• _EXERCISE DIRECTIONS_: Only the pictures should be dropped; every line of the data must come back exactly as written.

• _SOURCE MATERIAL_:
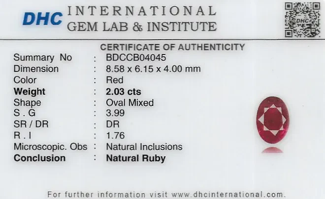 Natural Ruby (Manik) weighing 2.03 carats In Oval from Thailand
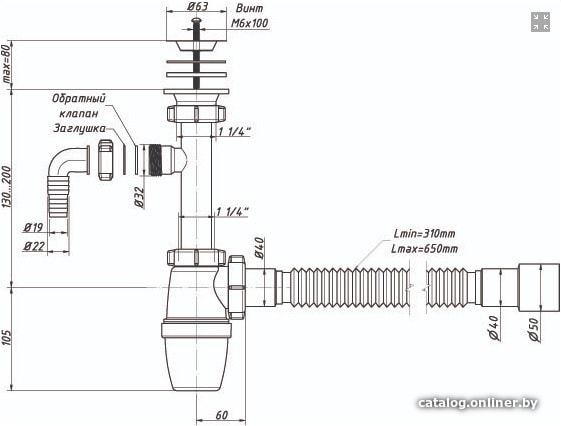 | Информация | Сифон с малым корпусом и отстойником для тюльпана и умывальника, выпуском с нержавеющей чашкой D63 мм и отводом для слива от стиральной машины. В комплекте удлинённый патрубок – удобен в установке сифона в ножку тюльпана, винт 100 мм для утолщённых моек и отвод в канализацию гибкая труба 40-40/50. |
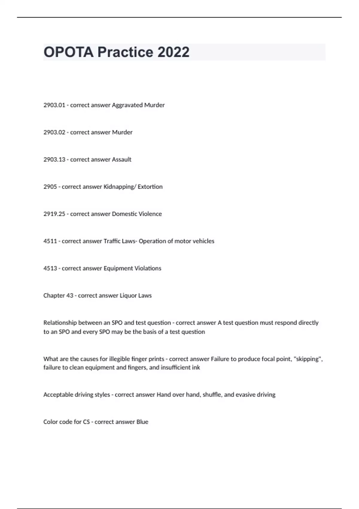 OPOTA Practice 2022 2903.01 - correct answer Aggravated Murder 2903.02 - correct answer Murder 2903.13 - correct answer Assault 2905 - correct answer Kidnapping/ Extortion 2919.25 - correct answer Domestic Violence 4511 - correct answer Traffic Laws- Operation of motor vehicles 4513 - correct answer Equipment Violations Chapter 43 - correct answer Liquor Laws Relationship between an SPO and test question - correct answer A test question must respond directly to an SPO and every SPO may be the basis of a test question What are the causes for illegible finger prints - correct answer Failure to produce focal point, "skipping", failure to clean equipment and fingers, and insufficient ink Acceptable driving styles - correct answer Hand over hand, shuffle, and evasive driving Color code for CS - correct answer Blue
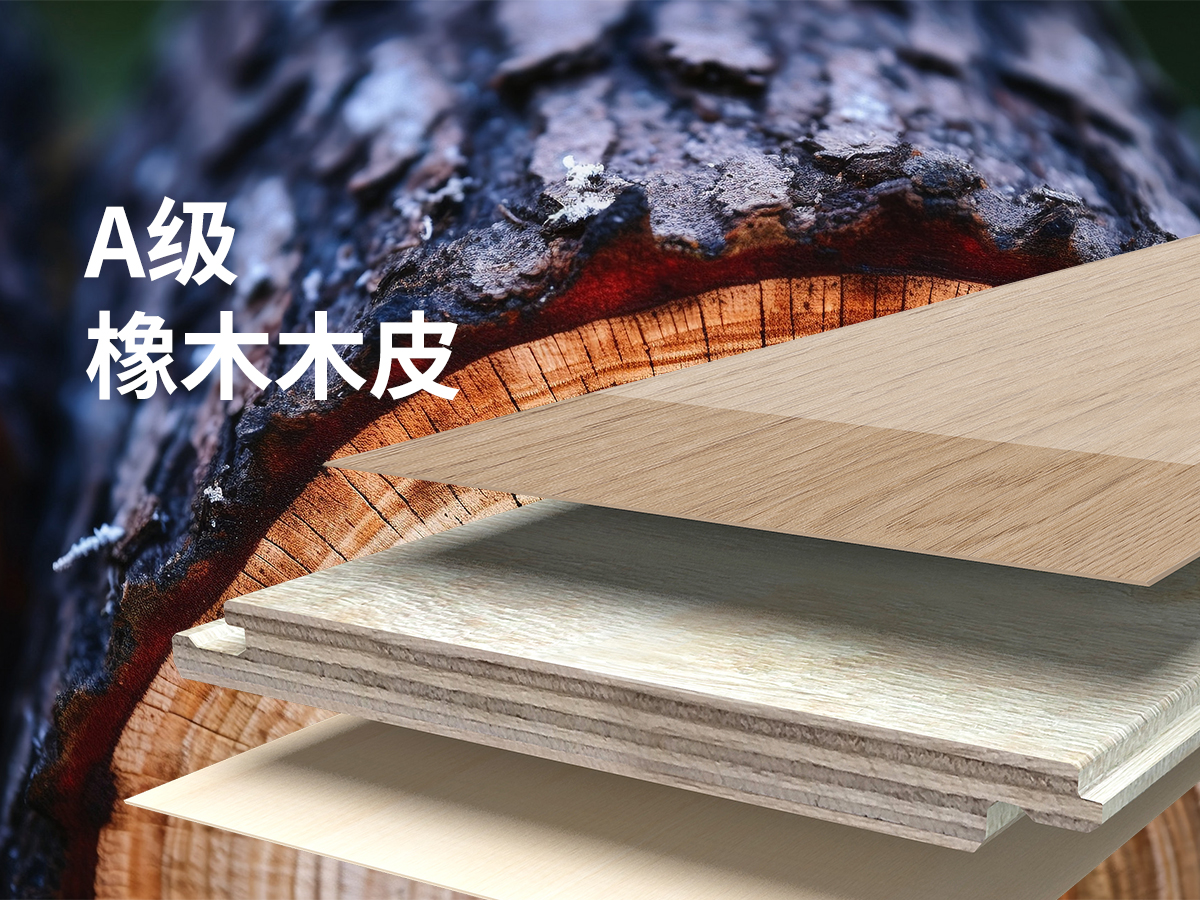 在板面上,大胆保留了原木细微的色彩变化,最大限度地将原木自然风貌留存下来,表面还采用仅头发丝深度的流云砂工艺,顺延木纹肌理形成细微的凹凸触感。色彩、材质、肌理,浑然一体,视觉柔和明快,触感丰盈舒适,一触便心生欢喜,从感官到心灵,人与自然互动融合。

• _SOLVED EXERCISE_:
 Natural Ruby (Manik) weighing 2.03 carats In Oval from Thailand
 | Информация | Сифон с малым корпусом и отстойником для тюльпана и умывальника, выпуском с нержавеющей чашкой D63 мм и отводом для слива от стиральной машины. В комплекте удлинённый патрубок – удобен в установке сифона в ножку тюльпана, винт 100 мм для утолщённых моек и отвод в канализацию гибкая труба 40-40/50. |
 OPOTA Practice 2022 2903.01 - correct answer Aggravated Murder 2903.02 - correct answer Murder 2903.13 - correct answer Assault 2905 - correct answer Kidnapping/ Extortion 2919.25 - correct answer Domestic Violence 4511 - correct answer Traffic Laws- Operation of motor vehicles 4513 - correct answer Equipment Violations Chapter 43 - correct answer Liquor Laws Relationship between an SPO and test question - correct answer A test question must respond directly to an SPO and every SPO may be the basis of a test question What are the causes for illegible finger prints - correct answer Failure to produce focal point, "skipping", failure to clean equipment and fingers, and insufficient ink Acceptable driving styles - correct answer Hand over hand, shuffle, and evasive driving Color code for CS - correct answer Blue
 在板面上,大胆保留了原木细微的色彩变化,最大限度地将原木自然风貌留存下来,表面还采用仅头发丝深度的流云砂工艺,顺延木纹肌理形成细微的凹凸触感。色彩、材质、肌理,浑然一体,视觉柔和明快,触感丰盈舒适,一触便心生欢喜,从感官到心灵,人与自然互动融合。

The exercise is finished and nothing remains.